When you are using .value_counts() add dropna=False
df[df['name column'].isnull()]
I have a dataframe which have several columns. I want to extract rows by combination of values from two specific columns, so I use the set_index() property to index the dataframe by those columns. I figured that after doing so, I will have a direct access (O(1)) to rows for a given combination of keys. Currently, It does not seem like the case, It takes quite some time for a df.ix[ix1,ix2] operation to take place.
Example:
Say I have the following dataframe:
In [228]: df
Out[228]:
ID1 ID2 score
752476 5626887150_0 5626887150_6 96
752477 5626887150_0 5626887150_7 95
752478 5626887150_0 5626887150_2 95
752479 5626887150_0 5626887150_8 93
752480 5626887150_0 5626887150_1 89
752481 5626887150_0 2142280814_5 88
752482 5626887150_0 5626887150_3 84
752483 5626887150_0 6625625104_5 82
752484 5626887150_0 2142280814_4 81
And say I want to look at the score column in different ID1,ID2 combinations.
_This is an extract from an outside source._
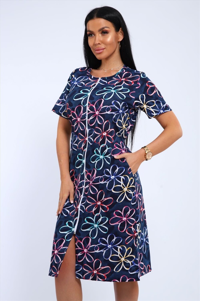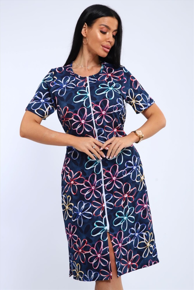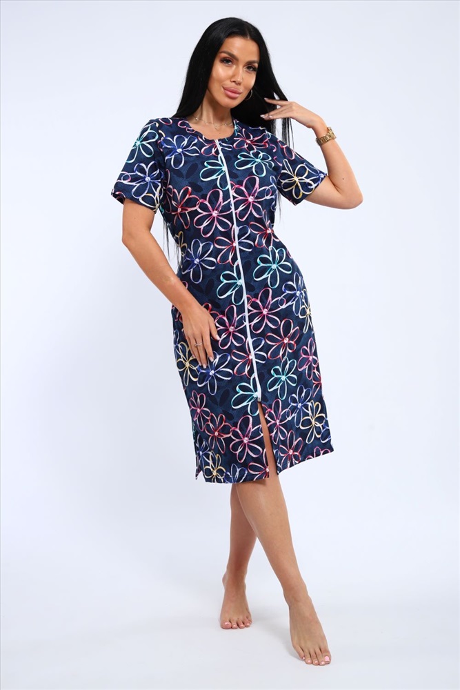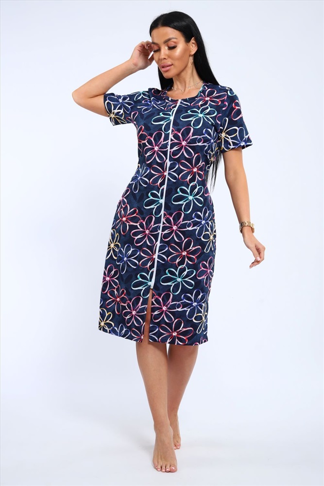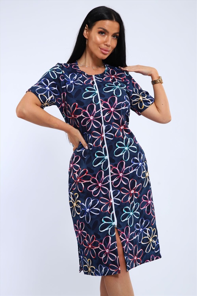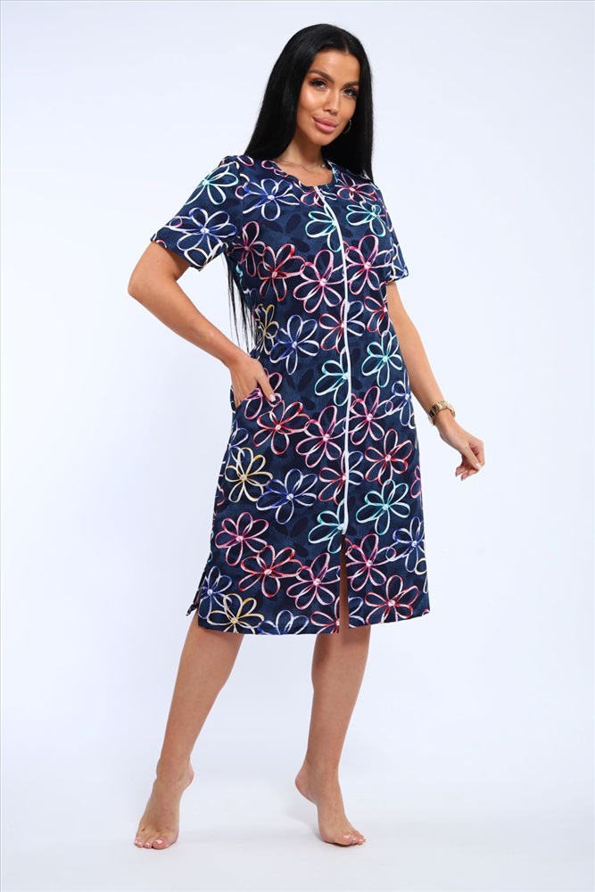 Состав: Хлопок 100 % Модель: ХАЛАТ домашний ПХДЖ Тип товара: халат Материал: кулирка | кулирка Бренд: Ашматекс Длина: средняя длина Карман: боковые | прорезные Назначение: для дома НДС: 5% Отделка: с карманами | со шнурком Рисунок: анималистичный | цветы Рукав: короткий рукав Сезонность: лето | осень | весна | зима Силуэт: свободный Стиль: домашний Воротник: без воротника Застежка: молния ХАЛАТ домашний - безупречное изделие, которое сочетает в себе комфорт, аккуратный внешний вид и простоту в уходе. Модель разработана с учётом повседневных потребностей современных женщин: удобно носить дома, на даче, в поездках или во время отдыха. Свободный крой и мягкий материал позволяют чувствовать себя комфортно в течение всего дня, не стесняя движений и не перегружая образ. Халат на молнии, 2 боковых кармана, круглый воротник, завязки на спине. Изделие выполнено из трикотажного полотна с натуральным составом такой материал приятен к телу, дышит и поддерживает оптимальный микроклимат. Фасон изделия универсален и уместен в любой обстановке: его можно надеть после душа, использовать как лёгкую одежду для дома или взять с собой в поездку. За счёт продуманного силуэта изделие хорошо садится на разные типы фигуры и подчёркивает естественную линию тела, при этом оставаясь удобным и свободным. ХАЛАТ домашний подойдёт как для личного использования, так и в качестве подарка на такие замечательные праздники, как 8 марта, Новый год или День рождения. Наша продукция станет символом заботы и внимания к вашим близким. Таблица размеров и веса

To easily do this, i'm setting ID1 and ID2 as indexes and obtain the following result:
In [230]: df = df.set_index(['ID1','ID2'])
Out[230]:
score
ID1 ID2
5626887150_0 5626887150_6 96
5626887150_7 95
5626887150_2 95
5626887150_8 93
5626887150_1 89
2142280814_5 88
5626887150_3 84
6625625104_5 82
2142280814_4 81
Now I can easy access my data with ID1,ID2 combinations (e.g. df.ix['5626887150_0','5626887150_6']), that's true. BUT, it does not seem to be an O(1) access. It seems to take quite some time to return a value on a large dataframe.
So what exactly is the set_index() method doing? and is there a way to force an O(1) acess to the data?